Two factors probably explain this abdication of journalistic responsibility. Adherence to the BJP is not one of them. The first is instinctive deference to power; the second, a yearning to be player and not voyeur that makes even many responsible senior journalists boast of having shaped the events they are assigned to cover.
When the Press Council huffs and puffs about “paid journalism”, which is a serious enough menace, it blames businessmen and industrialists, forgetting that the government in its many avatars is the country’s biggest employer and the richest source of patronage. It appoints journalists as envoys, sends them to the Rajya Sabha, includes them in official delegations, provides housing and distributes many other forms of largesse.
Nor does the government hesitate to use its power. When it didn’t like the man a leading national daily had nominated to cover an international conference, the external affairs ministry’s official spokesman (this was long before the amiable Syed Akbaruddin) bluntly ordered the editor to send someone else. Journalists, the spokesman explained, were part of India’s official delegation and should, therefore, enjoy official benediction. Even the editor was flatteringly told he was an official of sorts, since he could choose a member of the delegation. In any case, the editor was himself in the running for various officials perks. He did as he was told.
Many Western media institutions reject government hospitality. If its reporter accompanies the president or prime minister on an official trip, the newspaper or TV channel insists on paying its own costs. Of course, there are other ways of winning over reporters.

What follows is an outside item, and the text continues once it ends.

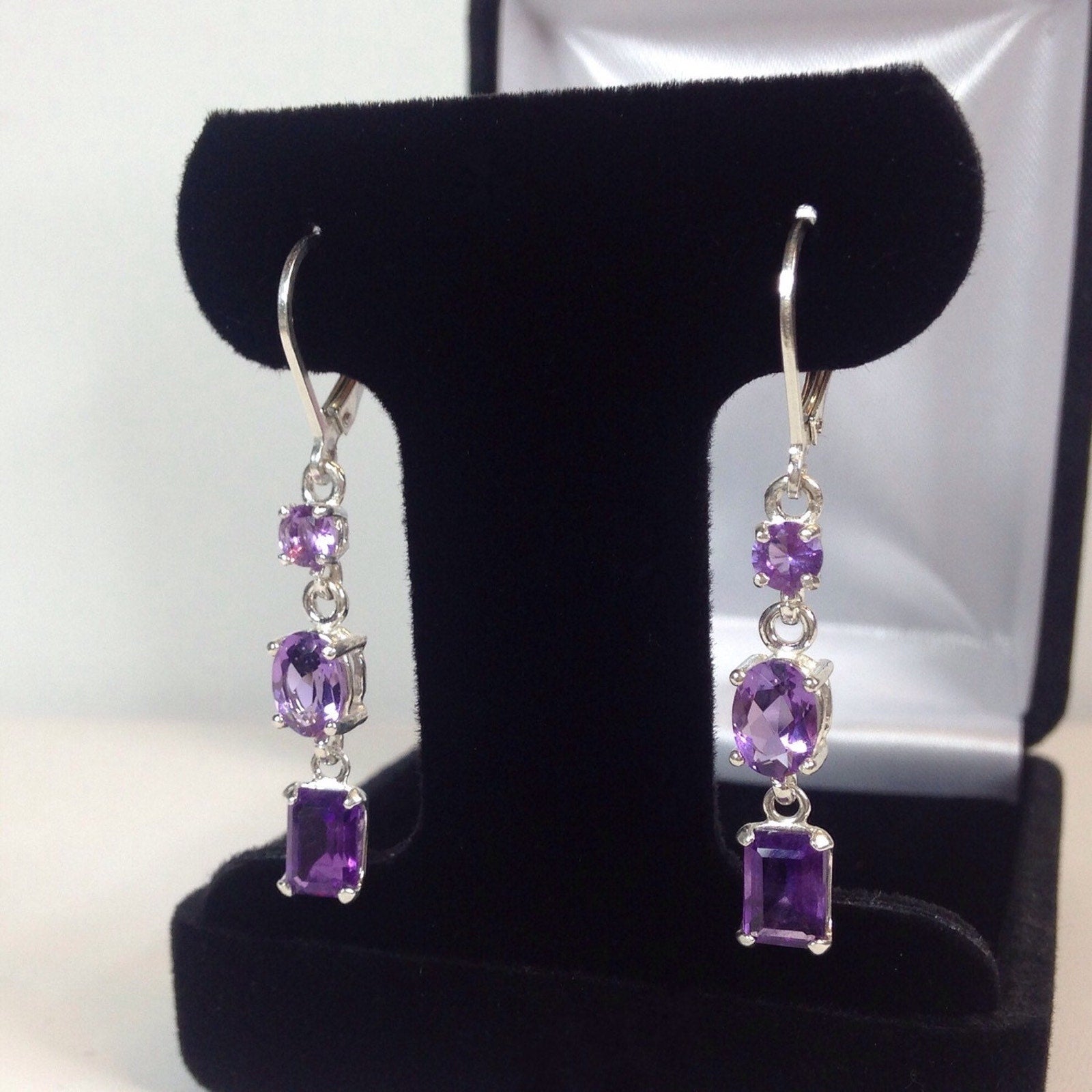Gorgeous Amethyst & Sterling Silver Multi Cut Leverback Earrings

An American journalist — Tom Wicker of The New York Times — wrote that Henry Kissinger’s practice of calling journalists by their first names (could the courtesy be reciprocated?) suborned independence more surely than any bribe. Stephens obviously made an exception of Rajaji when he warned against getting too close to people in power because of the “peril in confidences.” He wrote in 1945, “A journalist must guard against accepting any (confidences) that seem designed to curtail his scope for comment. Great men are not always scrupulous. Of late a publicity technique has developed for nobbling writers of integrity and conscience, by deliberately divulging secrets to them, reckoning that this will stop their writing about or around that subject.”
Harold Evans, former editor of Britain’s The Times and Sunday Times, backs Rajaji’s assessment. “Government just cannot govern well without reliable independent reporting and criticism,” he writes in his memoirs. “No intelligence system, no bureaucracy, can offer the information provided by free competitive reporting; the cleverest agents of the secret police are inferior to the plodding reporter of the democracy.” We knew that already in 1977 when Indira Gandhi was so soundly defeated.
India-US relations, so necessary to attract capital for infrastructure, for technology transfer and to set up the manufacturing hub Modi desires, demands informed journalists capable to delivering impartial verdict. Instead, we have courtiers.